- _TASK ITEM_
Write out exactly the lines below that run from the one containing "Ivory solid colour" through the one containing "В конце октября", both included, with no other lines.

- _DATA TO EXAMINE_
============

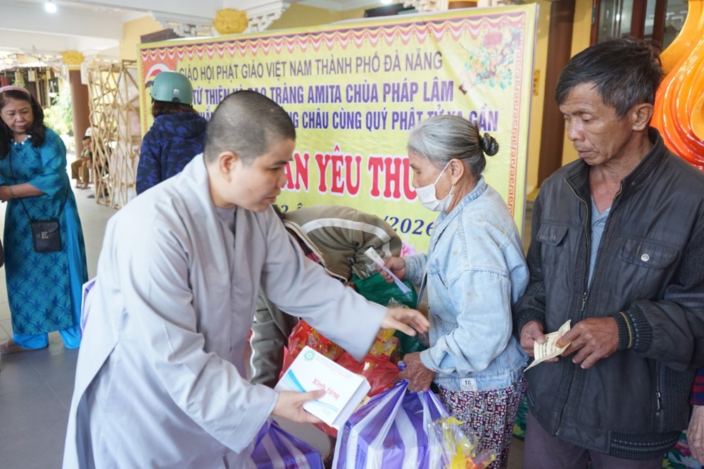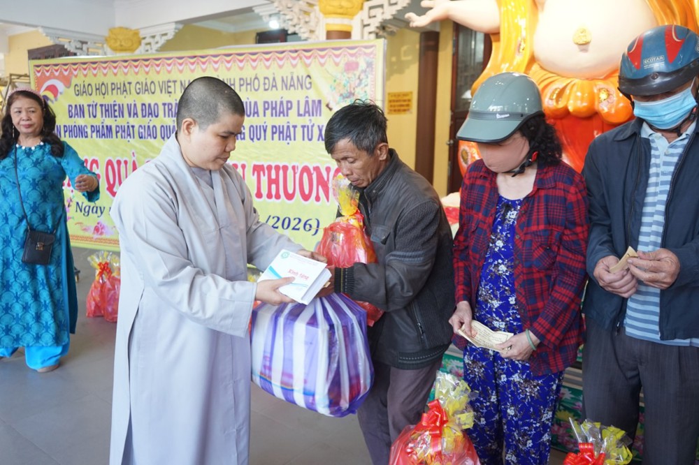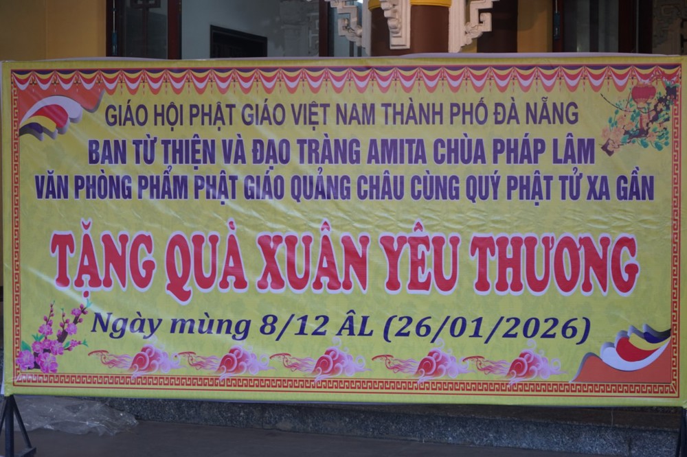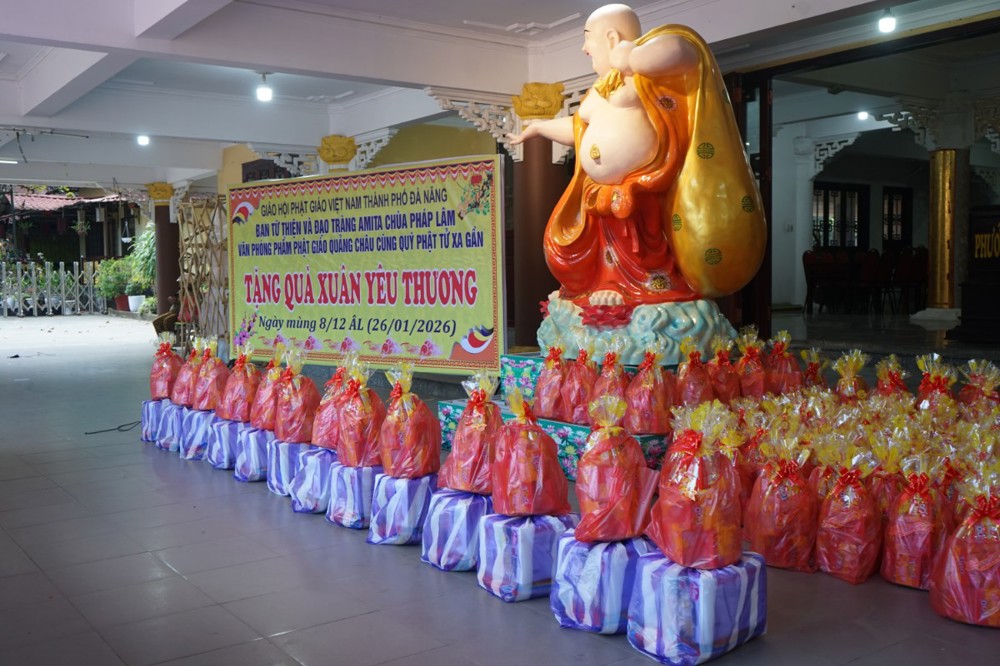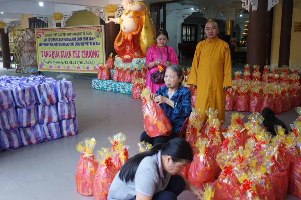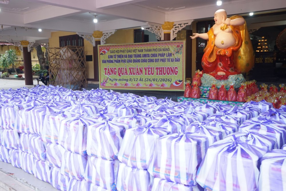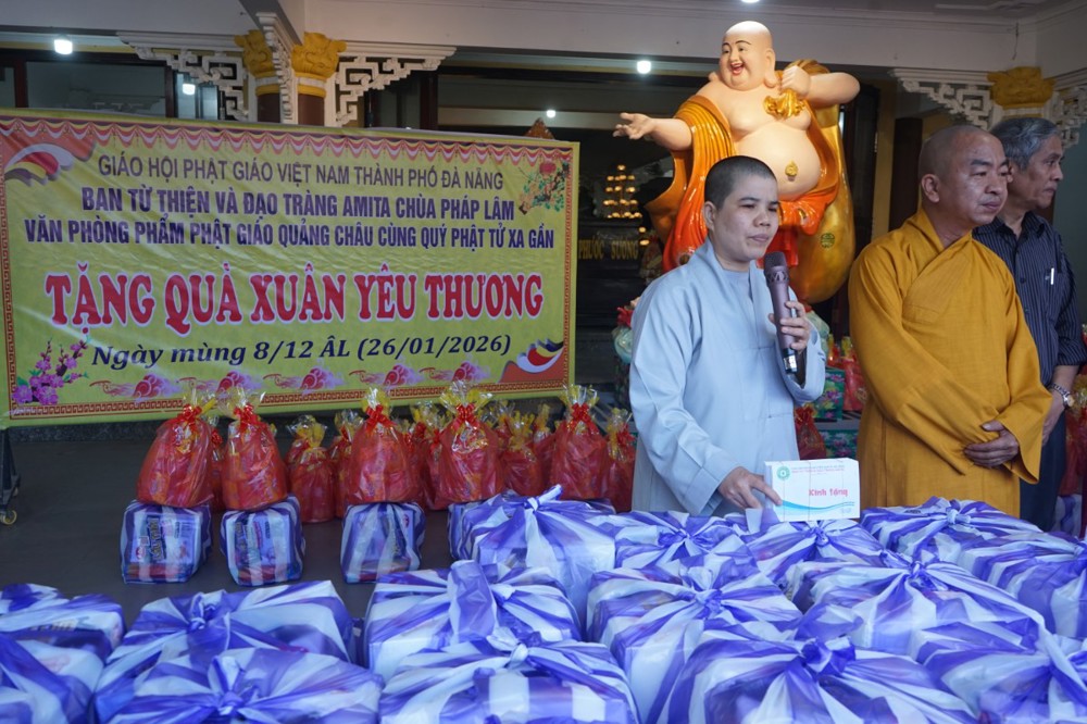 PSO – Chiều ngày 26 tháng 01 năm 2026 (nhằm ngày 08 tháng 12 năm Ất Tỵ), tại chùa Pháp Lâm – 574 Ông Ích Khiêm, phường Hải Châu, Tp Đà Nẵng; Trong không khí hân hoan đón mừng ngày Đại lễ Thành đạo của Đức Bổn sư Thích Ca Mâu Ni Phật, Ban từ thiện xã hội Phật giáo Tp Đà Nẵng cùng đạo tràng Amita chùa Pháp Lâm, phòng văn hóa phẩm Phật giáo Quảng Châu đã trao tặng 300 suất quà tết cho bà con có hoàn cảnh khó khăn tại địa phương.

============

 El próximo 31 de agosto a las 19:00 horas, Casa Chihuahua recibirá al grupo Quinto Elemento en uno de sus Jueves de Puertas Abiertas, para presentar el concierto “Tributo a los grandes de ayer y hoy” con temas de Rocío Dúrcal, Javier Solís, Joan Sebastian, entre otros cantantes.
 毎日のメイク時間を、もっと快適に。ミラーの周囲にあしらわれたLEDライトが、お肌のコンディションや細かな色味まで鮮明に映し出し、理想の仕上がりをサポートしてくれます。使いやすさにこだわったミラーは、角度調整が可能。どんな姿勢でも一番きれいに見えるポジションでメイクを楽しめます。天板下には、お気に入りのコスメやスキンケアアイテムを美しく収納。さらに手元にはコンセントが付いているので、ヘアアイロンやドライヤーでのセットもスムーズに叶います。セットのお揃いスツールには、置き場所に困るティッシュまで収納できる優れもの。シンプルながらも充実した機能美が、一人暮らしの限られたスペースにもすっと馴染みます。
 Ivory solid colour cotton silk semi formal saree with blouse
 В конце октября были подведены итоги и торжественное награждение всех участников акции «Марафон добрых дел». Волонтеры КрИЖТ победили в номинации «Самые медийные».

============

- _ANSWER BELOW_
 Ivory solid colour cotton silk semi formal saree with blouse
 В конце октября были подведены итоги и торжественное награждение всех участников акции «Марафон добрых дел». Волонтеры КрИЖТ победили в номинации «Самые медийные».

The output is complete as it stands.